- China's tech bosses are pushing their workers as competition intensifies, the FT reported.
- They are following a playbook from Silicon Valley, where bosses cranked up the pressure and laid people off.
- Don't expect the pressure to lessen as China's economy struggles.
Silicon Valley bosses responded to times of crisis by turning the screw on workers. Now, China's tech bosses seem ready to do the same.
Mark Zuckerberg, Andy Jassy, and other CEOs have resorted to layoffs, return-to-office mandates, and other policies prioritizing "efficiency" in the past two years to combat a sell-off among investors who grew concerned that tech companies became over-bloated and distracted with "fake work" during the pandemic. They planned to show the market that their companies could still deliver out-sized returns and form a central part of the economy — with leaner operations.
With around 363,000 workers laid off since January 2023, many staff were left feeling burned out as they took on more work. But bosses were rewarded.
Meta's Mark Zuckerberg said layoffs were part of an "efficiency" era. The company's market capitalization has climbed from around $300 billion to $1.26 trillion since it announced it was laying off 13% off its workforce in November 2022. Other Silicon Valley companies have witnessed a similar turnaround.
China is pushing tech workers even harder
Chinese tech companies seem willing to take Silicon Valley's efficiency mantra even further.
That's according to a new report from the Financial Times, which notes that bosses in China are upping the pressure on workers after the country's top five tech companies lost around $1.3 trillion in market value since 2021.
For instance, Richard Liu, the veteran business leader at the helm of Chinese e-commerce giant JD.com, recently told staff over a video call that employees who "prefer to enjoy life" are "not our brother" and that "we should not be working together," the Financial Times reported Monday.
It's not the first time Liu, whose company's share price fell by roughly half in 2023, has talked tough to employees about the company's direction.
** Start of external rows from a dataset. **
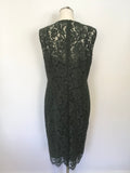 JIGSAW BOTTLE GREEN LACE SLEEVELESS PENCIL DRESS SIZE 14
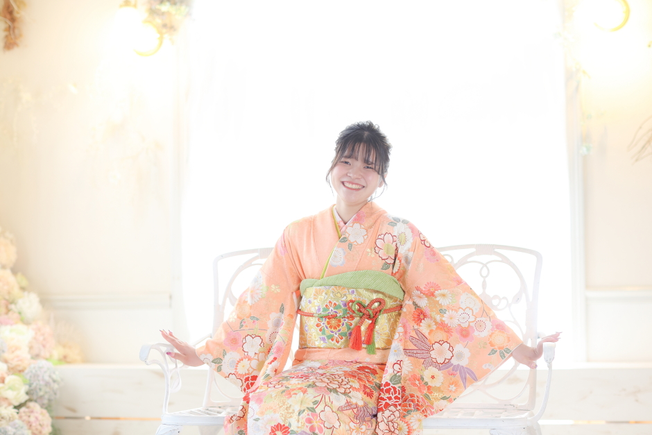 千葉市美浜区のフォトスタジオ「振袖物語館幕張本店」の成人振袖フォトプランのお写真です。ホワイトスタジオでお撮りしたお嬢様の笑顔が素敵なポートレートです。
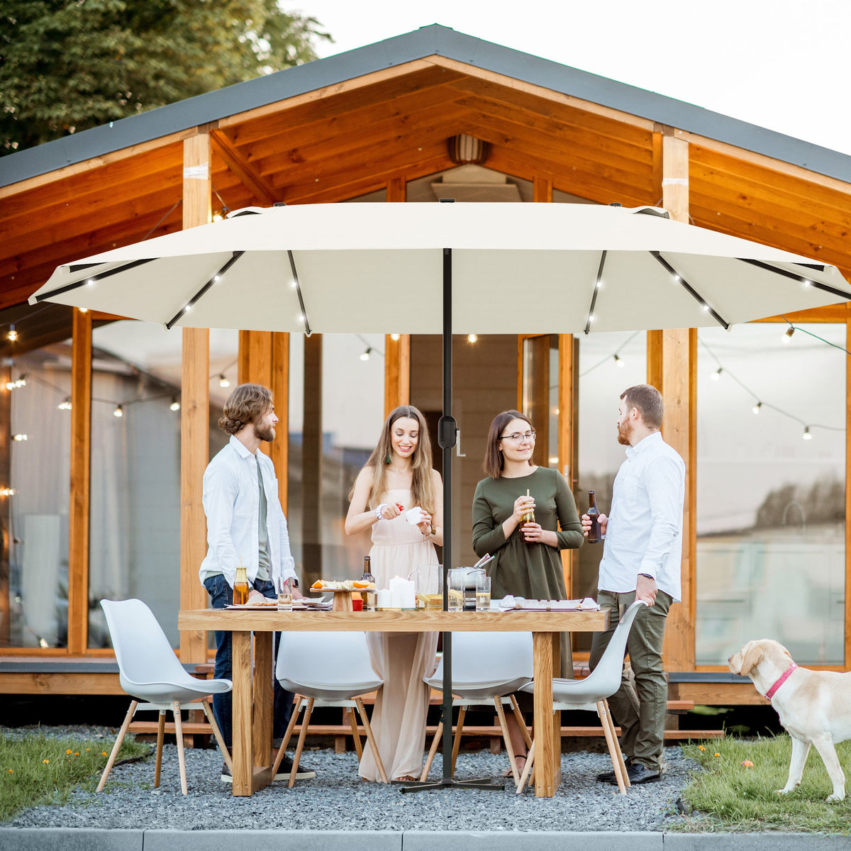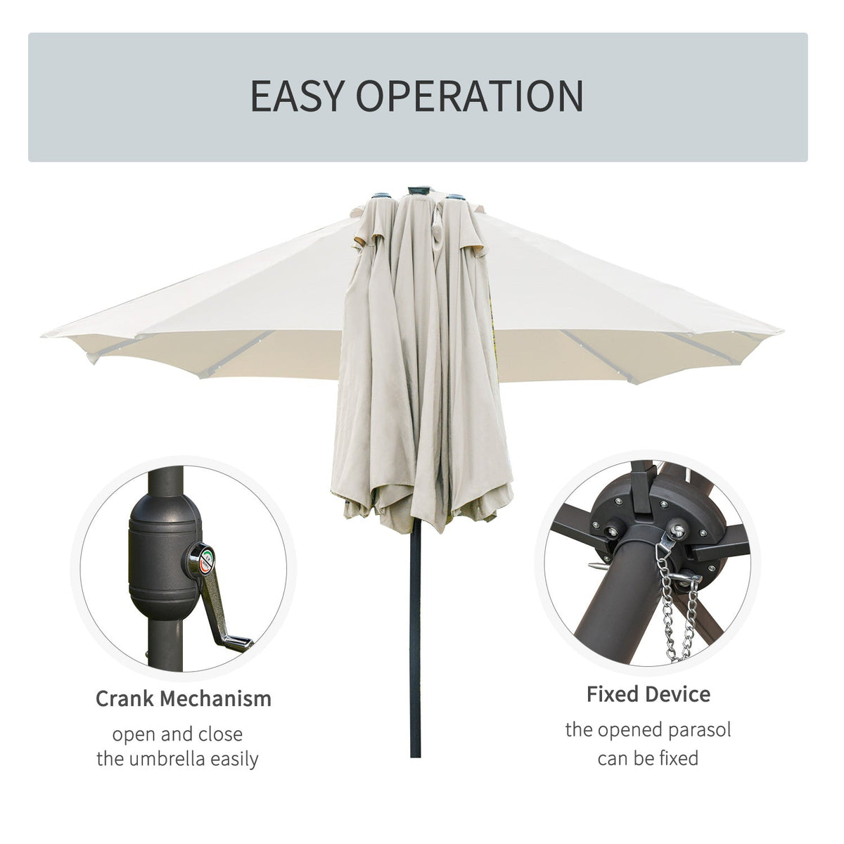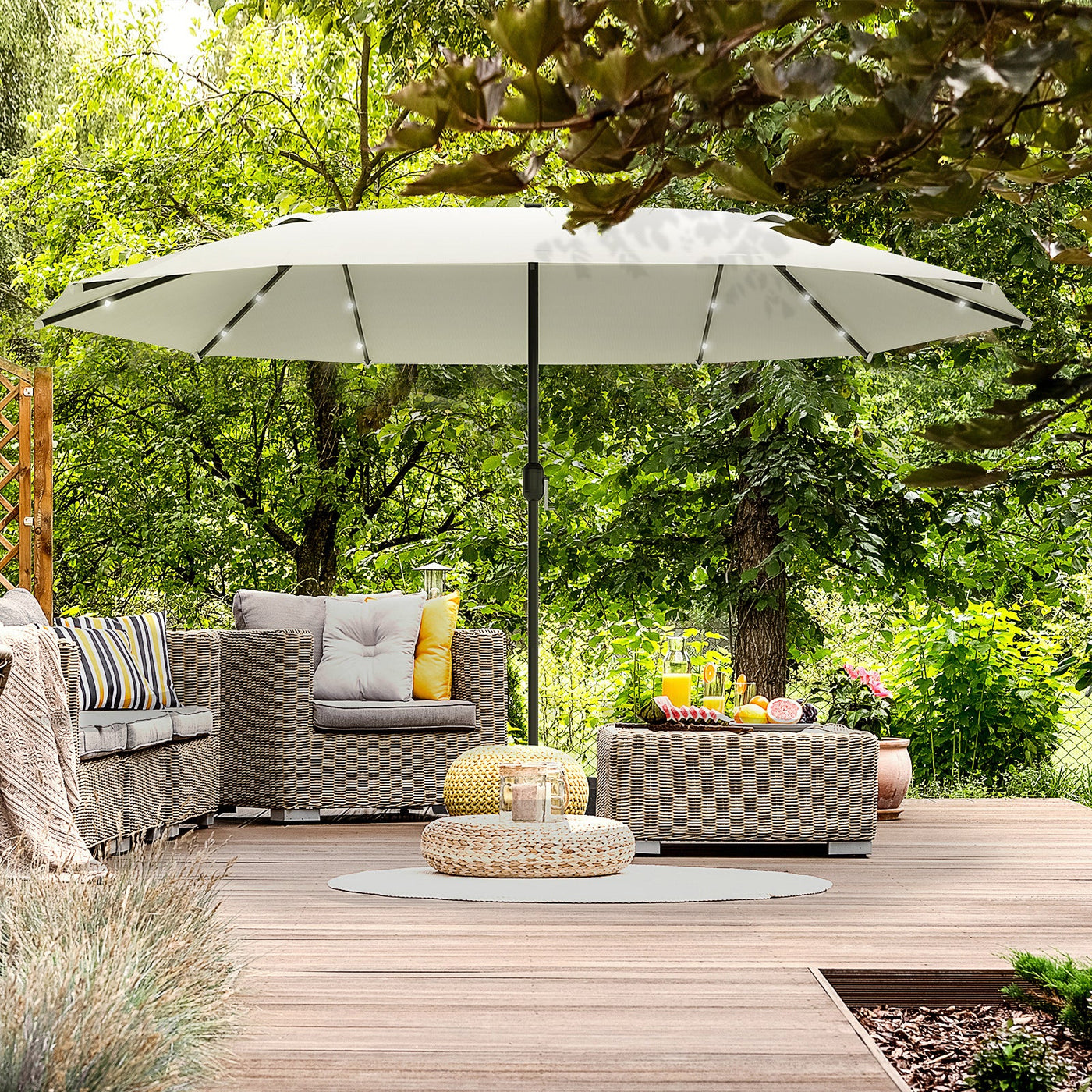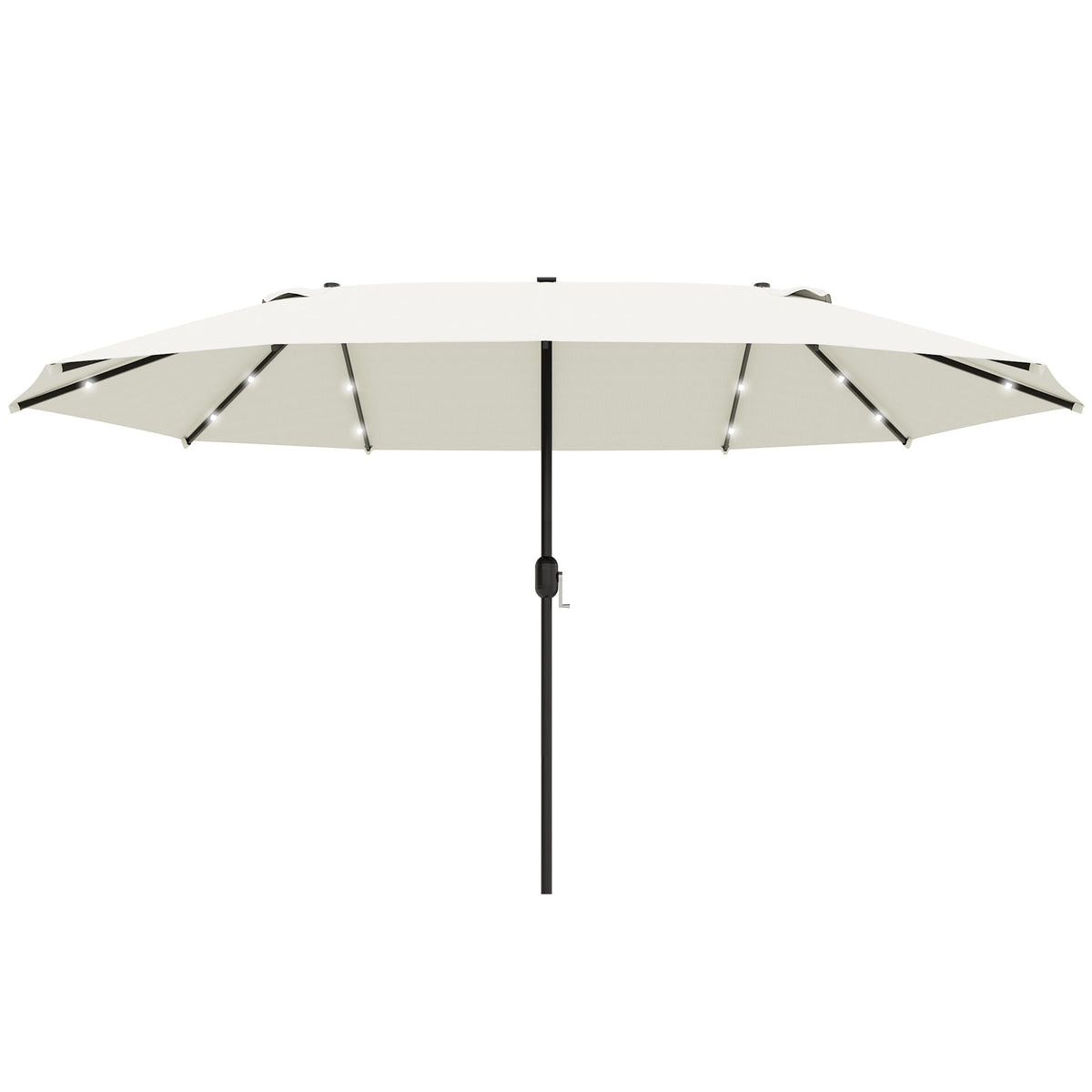 Outsunny 4.4m Double-Sided Sun Umbrella Patio Parasol LED Solar Lights Cream White - Cream White

In an internal memo in December, the tech boss told employees that "we need to change, or there's no way out for our company," Bloomberg reported.
A key reason this tone has emerged is competition.
Big names on China's tech scene, like JD.com and Jack Ma's Alibaba, have faced a threat from fast-growing newcomers like Pinduoduo, the sister company of online marketplace Temu. Pinduoduo has also been called out for a culture of "extreme overtime" by the likes of the China Labor Watch, a nonprofit organization focused on labor rights in China.
As the FT report noted, workers are increasingly using the term "neijuan," which translates roughly to "involution," to describe extreme pressure to outdo competitors, while having smaller and smaller teams to work with. Ma's Alibaba, for instance, cut around 20,000 workers last year.
Chinese tech workers have been no strangers to aggressive work policies over the years.
During their growth in the 2010s, several tech companies in China adopted a so-called "996" working system that demanded 12-hour days from 9 a.m., six days a week.
This policy was once advocated by Chinese business titans such as Ma. Though this brutal working pattern has faced a regulatory crackdown from Beijing, business leaders aren't giving up in their bid to find new ways to pressure workers during a new period of crisis.
Last month, videos posted to Chinese social media showed Qu Jing, public relations lead at internet giant Baidu, setting out expectations of workers, such as being prepared to travel for 50 straight days on business.
"I only care about results," she said in one video.
Qu left Baidu after her comments were made public, but the ferocity of what China's tech workers are hearing isn't abating.
As long as China's economy continues to stutter and competitors claw for consumers, those who want to work in its tech sector may have to keep bending to their bosses' diktats.